====== Source data
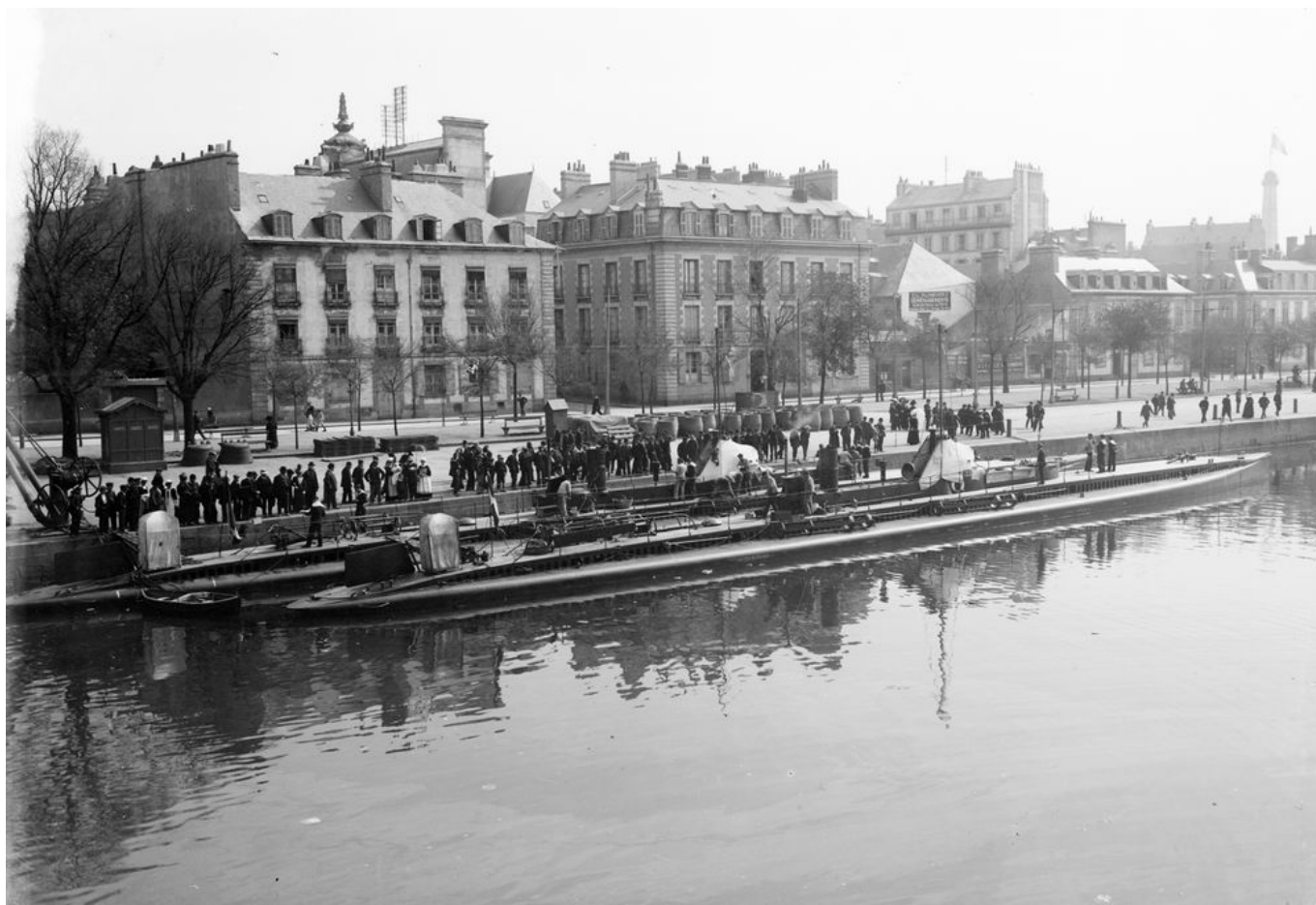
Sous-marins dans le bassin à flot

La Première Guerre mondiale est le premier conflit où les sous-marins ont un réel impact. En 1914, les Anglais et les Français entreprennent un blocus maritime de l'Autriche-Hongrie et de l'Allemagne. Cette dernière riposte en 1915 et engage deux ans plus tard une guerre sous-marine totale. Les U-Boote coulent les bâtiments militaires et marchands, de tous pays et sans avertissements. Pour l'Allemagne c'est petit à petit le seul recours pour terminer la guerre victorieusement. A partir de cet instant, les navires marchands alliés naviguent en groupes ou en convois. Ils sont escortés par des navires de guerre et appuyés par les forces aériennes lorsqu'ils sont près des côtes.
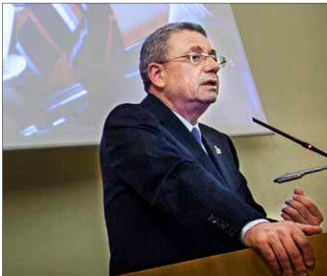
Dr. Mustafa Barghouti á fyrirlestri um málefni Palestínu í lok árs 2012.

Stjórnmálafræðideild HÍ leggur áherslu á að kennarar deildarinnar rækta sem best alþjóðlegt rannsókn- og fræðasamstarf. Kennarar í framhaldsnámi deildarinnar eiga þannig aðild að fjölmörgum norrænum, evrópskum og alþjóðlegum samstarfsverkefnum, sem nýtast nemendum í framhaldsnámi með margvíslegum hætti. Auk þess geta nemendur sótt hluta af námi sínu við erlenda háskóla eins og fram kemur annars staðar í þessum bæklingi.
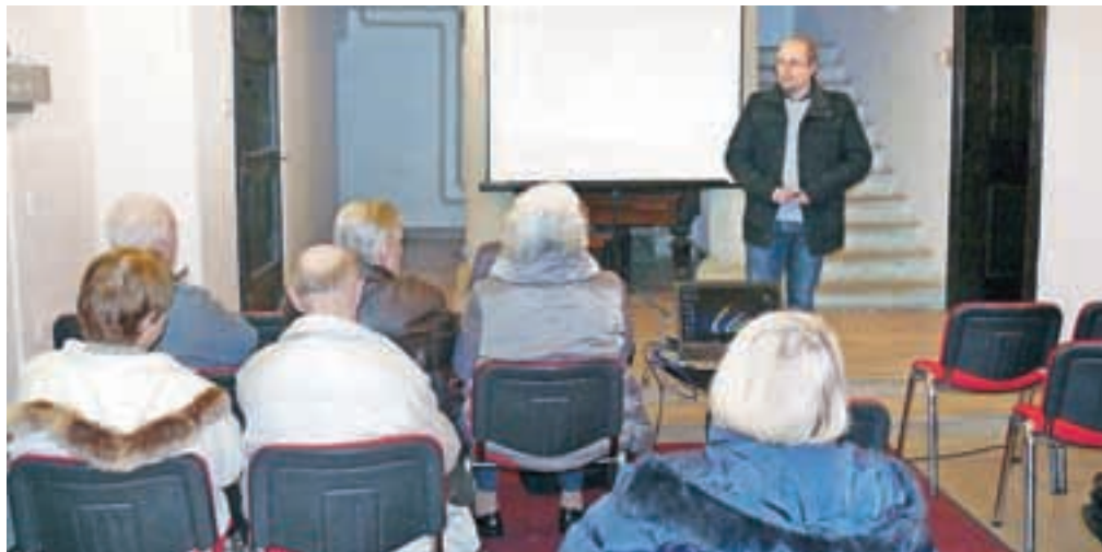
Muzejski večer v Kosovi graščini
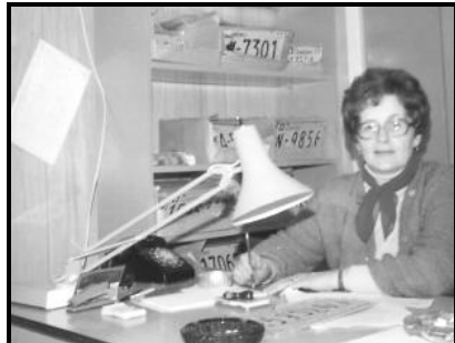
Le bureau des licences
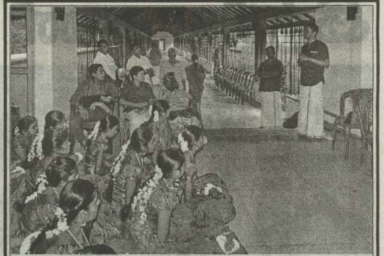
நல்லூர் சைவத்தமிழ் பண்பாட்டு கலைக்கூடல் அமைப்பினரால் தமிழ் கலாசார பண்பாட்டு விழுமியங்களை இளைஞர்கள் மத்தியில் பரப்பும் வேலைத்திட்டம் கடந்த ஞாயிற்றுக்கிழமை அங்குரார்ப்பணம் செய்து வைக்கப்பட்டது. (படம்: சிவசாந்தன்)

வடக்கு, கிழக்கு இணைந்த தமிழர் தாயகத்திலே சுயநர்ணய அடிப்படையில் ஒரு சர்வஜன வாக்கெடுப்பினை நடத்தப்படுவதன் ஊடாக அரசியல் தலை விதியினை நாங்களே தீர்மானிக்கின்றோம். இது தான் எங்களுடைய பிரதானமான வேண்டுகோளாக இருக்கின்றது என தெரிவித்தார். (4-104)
============
What the task asks ▸ Your copy should match every entry above exactly and contain no pictures.

Written answer ▸
Sous-marins dans le bassin à flot

La Première Guerre mondiale est le premier conflit où les sous-marins ont un réel impact. En 1914, les Anglais et les Français entreprennent un blocus maritime de l'Autriche-Hongrie et de l'Allemagne. Cette dernière riposte en 1915 et engage deux ans plus tard une guerre sous-marine totale. Les U-Boote coulent les bâtiments militaires et marchands, de tous pays et sans avertissements. Pour l'Allemagne c'est petit à petit le seul recours pour terminer la guerre victorieusement. A partir de cet instant, les navires marchands alliés naviguent en groupes ou en convois. Ils sont escortés par des navires de guerre et appuyés par les forces aériennes lorsqu'ils sont près des côtes.
Dr. Mustafa Barghouti á fyrirlestri um málefni Palestínu í lok árs 2012.

Stjórnmálafræðideild HÍ leggur áherslu á að kennarar deildarinnar rækta sem best alþjóðlegt rannsókn- og fræðasamstarf. Kennarar í framhaldsnámi deildarinnar eiga þannig aðild að fjölmörgum norrænum, evrópskum og alþjóðlegum samstarfsverkefnum, sem nýtast nemendum í framhaldsnámi með margvíslegum hætti. Auk þess geta nemendur sótt hluta af námi sínu við erlenda háskóla eins og fram kemur annars staðar í þessum bæklingi.
Muzejski večer v Kosovi graščini
Le bureau des licences
நல்லூர் சைவத்தமிழ் பண்பாட்டு கலைக்கூடல் அமைப்பினரால் தமிழ் கலாசார பண்பாட்டு விழுமியங்களை இளைஞர்கள் மத்தியில் பரப்பும் வேலைத்திட்டம் கடந்த ஞாயிற்றுக்கிழமை அங்குரார்ப்பணம் செய்து வைக்கப்பட்டது. (படம்: சிவசாந்தன்)

வடக்கு, கிழக்கு இணைந்த தமிழர் தாயகத்திலே சுயநர்ணய அடிப்படையில் ஒரு சர்வஜன வாக்கெடுப்பினை நடத்தப்படுவதன் ஊடாக அரசியல் தலை விதியினை நாங்களே தீர்மானிக்கின்றோம். இது தான் எங்களுடைய பிரதானமான வேண்டுகோளாக இருக்கின்றது என தெரிவித்தார். (4-104)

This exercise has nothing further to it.